The budget, which has been balanced for the next three years, will include a 2.8 per cent council tax increase — 4.7 per cent including fire, police and adult social care precepts.
A £12m expansion has been planned for Wexham School as well as £9.5m for the new Grove Academy School in Chalvey, £1.4m on expanding Langley Grammar School and £21m for Special Educational Needs places over the next five years.
A total of £1.4m of new and additional money will be invested in supporting looked after children this year including care leavers, who will now have their council tax covered by SBC up to the age of 25, even if they move out of town.
Overall, out of the excess of £105m being spent by SBC this year, £29.26m will be spent on children, learning and skills.
SBC will invest £700,000 in adult social care, meaning the council will now be spending 39p on it of every pound spent
SBC leader Cllr James Swindlehurst (Lab, Cippenham Green) said the number of large scale regeneration projects in the town in combination with Crossrail and Heathrow Airport’s expansion means that ‘Slough stands on the cusp of a really interesting time.
“We emerge from this period of austerity with confidence,” he added.
This year alone, the council is to spend £55.6m on regeneration.
A £25m investment project is planned for the old town centre library site, which, in partnership with developers Slough Urban Renewal, will be converted into two hotels, restaurants, apartments and shared ownership properties.
About 200 homes including social and affordable units are expected in the redevelopment of Stoke Wharf by the Grand Union Canal, while 175 new homes, are planned for the former Montem Leisure Centre site.
About 1,400 homes, new offices and bars and restaurants are planned for the former Thames Valley University site, which is designed to make the town centre better linked.
About 120 social and affordable homes are planned for the year ahead and plans for a further 250 to be drawn up after that.
The council leader announced a £200,000 contingency fund for a no-deal Brexit, which was followed by a further £200,000 from central government.
An extra £520,000 for rough sleeping support services was announced at the meeting at The Curve in William.
Conservative Group amendments to the budget, all of which were voted down by councillors, included ten extra traffic enforcement cameras and additional bus lane cameras and improved contract management for on-street parking enforcement.
The group also proposed £150,000 to cover public transport for carers and an assessment to see if public transport access points are disability friendly enough, additional road safety initiatives and free on-street and off-street parking in dedicated bays for all electric vehicles.
Cllr Swindlehurst said that he was prepared to work with the opposition on achieving these goals but said the Conservative Group’s plans had not been ‘reliably costed’.

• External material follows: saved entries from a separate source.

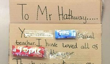 A teacher got a really sweet thank-you card from a pupil - made from chocolate wrappers. Year six teacher Rob Hathway was given the tasty farewell from a young girl leaving Watermore Primary School in Frampton Cotterell, South Glos,. A teacher got this really sweet thank-you card from a pupil - made from chocolate wrappers. She used the logos from to spell out her message which read: "To Mr Hathway, you are an EXTRA special teacher. "I have loved all...
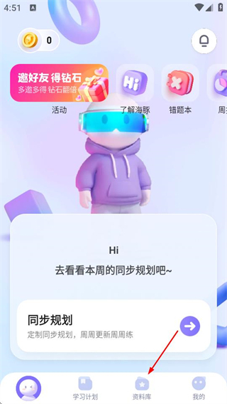 2、在资料库界面点击口算练习,进入口算练习界面。
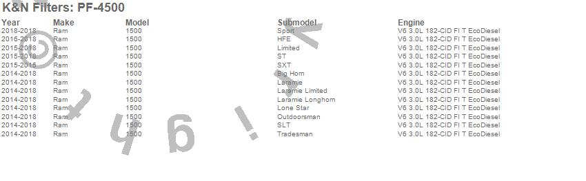 Below is an abbreviated list of applications for the In-Line Gas Filter.1500, Ram, 2017, 2016, 2015, 2014
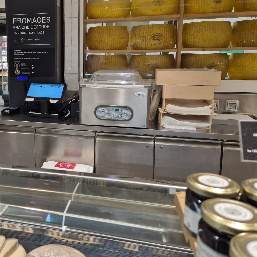 메인 계산대에서 1장당 1유로 판매해요. 진공포장지를 구입해서 영수증 가지고 치즈 전문점으로 가면 진공포장해줍니다. 여러 사이즈의 진공포장지가 있는데 봉마르쉐 진공포장지보다 사이즈가 훨씬 커요. 사이즈마다 가격은 1유로로 동일합니다.
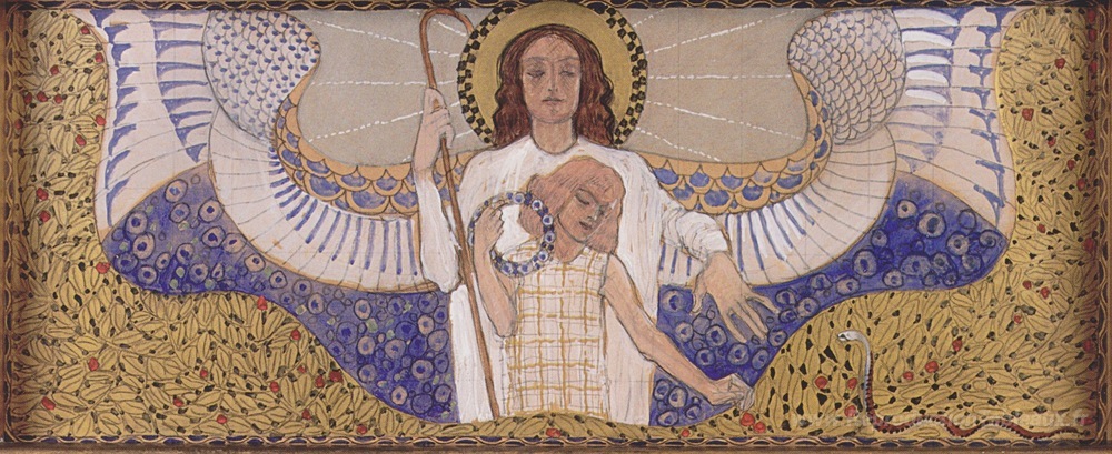 Nous vous proposons une reproduction artisanale sur toile du célèbre tableau 'Am Steinhof Church, conception du côté droit ange gardien de l'a' de Koloman Moser, provenant du Musée de la Reproduction.
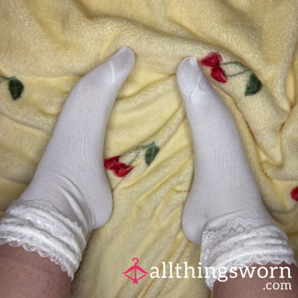 White Lace Frill Socks Lace Frill Socks Crew Socks Worn Socks Naturally Worn All Day Wear Soft Fabric Feminine Socks Warm Socks Scented Socks Sock Fetish Foot Fetish Fetish Socks Soles Stinky Feet Smelly Feet Dirty Socks UK Seller Alternative Tattooed Piercings Gym Girl Soles

He added: “The one thing we know about this budget is that the numbers in it are reliable.
“Unfortunately the opposition in this town just aren’t ready to form an administration or attempt to run it.”
But cabinet member for environment and leisure Cllr Rob Anderson (Lab, Britwell and Northborough) gave the opposition credit for drawing up an alternative budget.
He said: “This is my 22nd budget. Only four times in those 22 years has the opposition attempted to present an alternative budget, and that was me, when I was in opposition.”